2.2 Digital Maturity Models as Socio
Technical Systems
As the distinction between DT and digitalization
highlights, DT is not a trivial initiative that can be
implemented through simple project structures within
short timeframes. Instead, DT represents a
multifaceted and complex construct that must be
broken down into numerous sub-projects and
workstreams involving a wide range of stakeholders
to enable a gradual and systematic implementation of
the transformation process (Correani et al., 2020; Furr
et al., 2022; Jöhnk et al., 2020). As with all
organizational initiatives, the initial and most critical
steps in digital transformation involves defining
objectives, determining the current state, and
establishing a pathway to achieve the desired target
state. In the context of digital transformation, the
concept of maturity models has been adapted to the
digital domain. These digital maturity models
(DMMs) are designed to measure how digitally
mature organizations are, to define a target maturity
state, and—depending on the model type—even
support organizations in achieving that state (Gill &
VanBoskirk, 2016; Minh & Thanh, 2022b;
Pöppelbuß & Röglinger, 2011; Thordsen & Bick,
2023a). The variable being measured, referred to as
maturity, can be defined as a "measure to evaluate the
capabilities of an organization in regard to a certain
discipline" (Poeppelbuss et al., 2011).
In the case of DMMs, this specifically pertains to
digital capabilities, which, as previously established,
are an outcome of digital transformation.

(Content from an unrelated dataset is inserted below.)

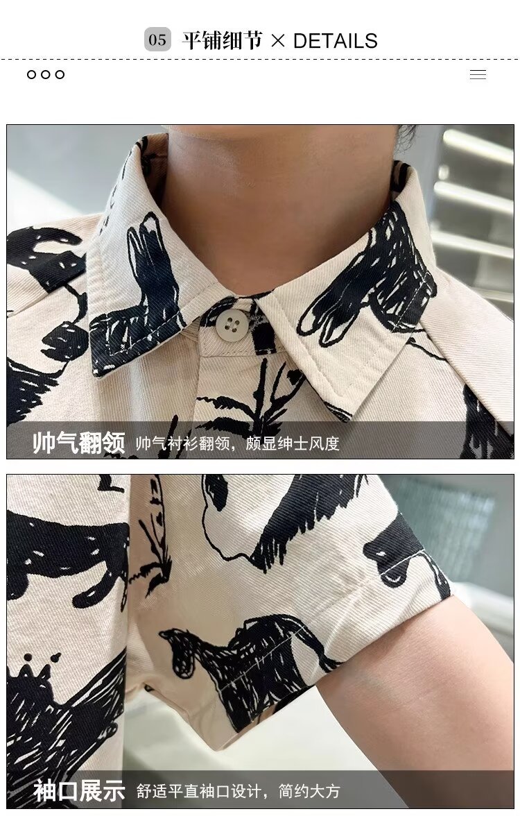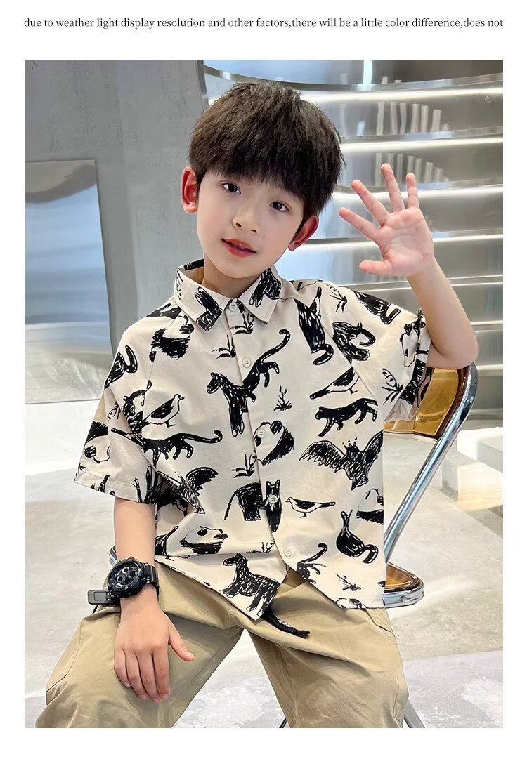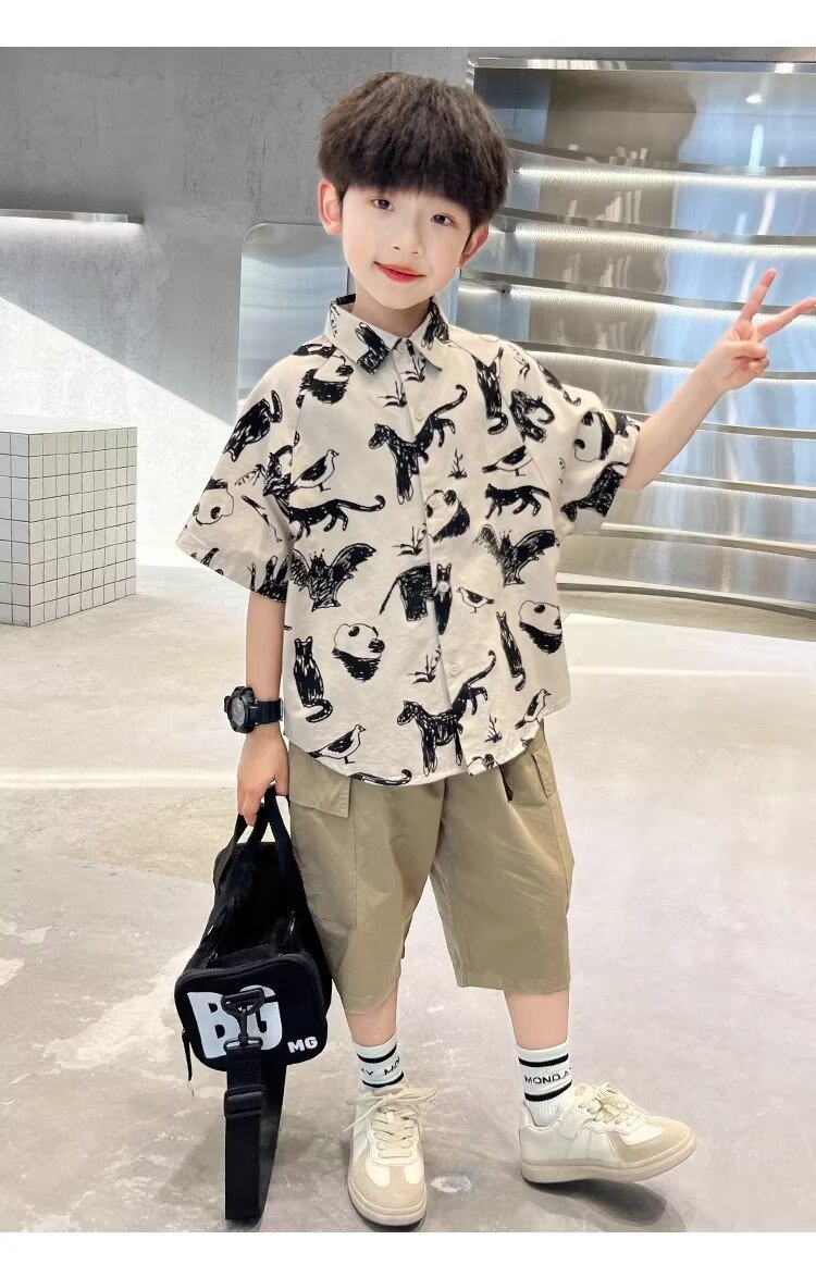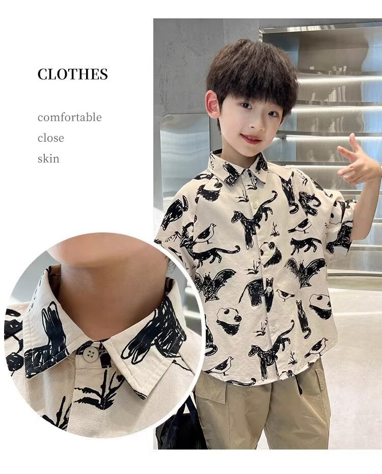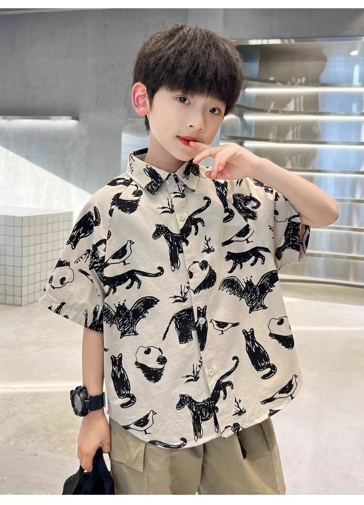 아동복 소년 반팔 셔츠 여름 2025 새로운 어린이 반팔 셔츠 느슨한 중형 및 대형 어린이 여름상의 유행스토어 가기
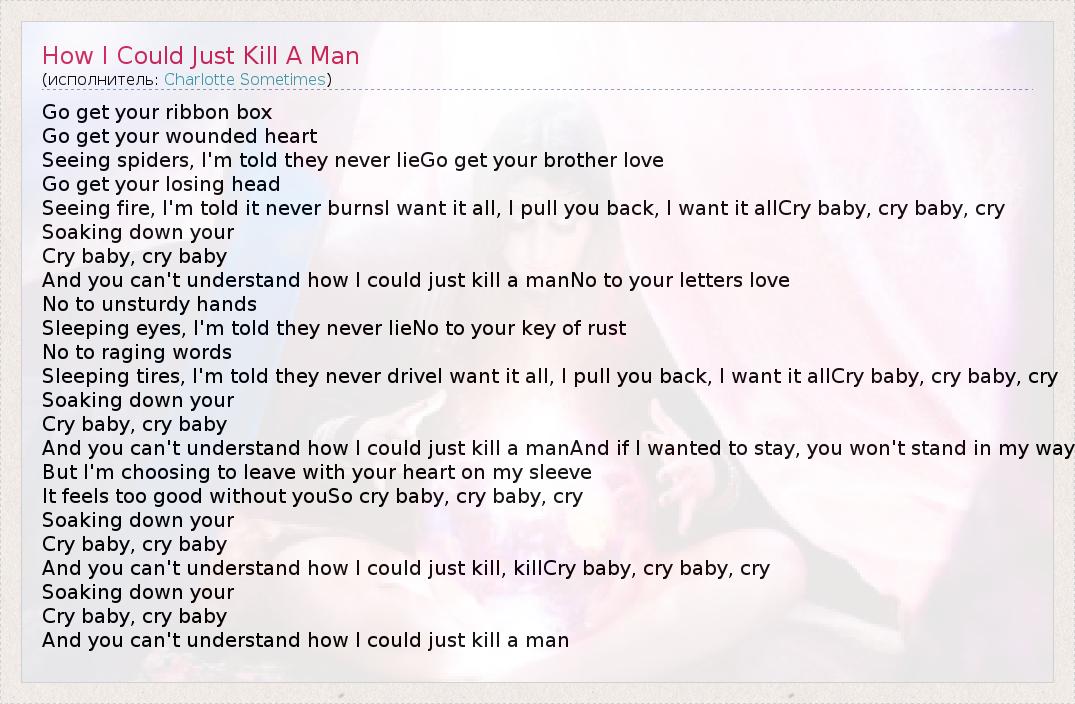Go get your ribbon box Go get your wounded heart Seeing spiders, I'm told they never lieGo get your brother love Go get your losing head Seeing fire, I'm told it never burnsI want it all, I pull you back, I want it allCry baby, cry baby, cry Soaking down your Cry baby, cry baby And you can't understand how I could just kill a manNo to your letters love No to unsturdy hands Sleeping eyes, I'm told they never lieNo to your key of rust No to raging words Sleeping tires, I'm told they never driveI want it all, I pull you back, I want it allCry baby, cry baby, cry Soaking down your Cry baby, cry baby And you can't understand how I could just kill a manAnd if I wanted to stay, you won't stand in my way But I'm choosing to leave with your heart on my sleeve It feels too good without youSo cry baby, cry baby, cry Soaking down your Cry baby, cry baby And you can't understand how I could just kill, killCry baby, cry baby, cry Soaking down your Cry baby, cry baby And you can't understand how I could just kill a man

Consequently, existing research often uses the term
Digital Transformation Maturity synonymously with
digital maturity. The Capability Maturity Model, the
most frequently used type of maturity model in the
literature, serves as the foundation for this approach.
It deconstructs the concept of DM into various
dimensions, each associated with corresponding
capabilities that represent specific maturity levels
(Aguiar et al., 2019; Paulk et al., 1993).
An organization can exhibit a certain capability
level within each dimension, which is then interpreted
as its maturity level in that area. Descriptive models
focus solely on reporting the current maturity level to
the user, enabling an initial As-Is assessment.
Prescriptive models take this a step further by
allowing users to define a target state and provide
guidance on how to progress from the current
maturity level to the desired state. Building on these,
comparative models add the functionality of
benchmarking, allowing organizations to compare
their performance internally (tracking progress over
time) or externally (evaluating their standing relative
to competitors). DMMs can thus play a central role in
the transformation process by first conducting an As-
Is assessment, providing a starting point for planning
digital transformation (descriptive). Building on this,
they offer guidelines to support detailed planning and
target setting (prescriptive). Furthermore, DMMs can
serve as a steering tool by tracking progress through
intermediate steps, measuring their success, and
benchmarking the organization’s advancing digital
maturity both internally and externally (prescriptive
and comparative) (Pöppelbuß & Röglinger, 2011).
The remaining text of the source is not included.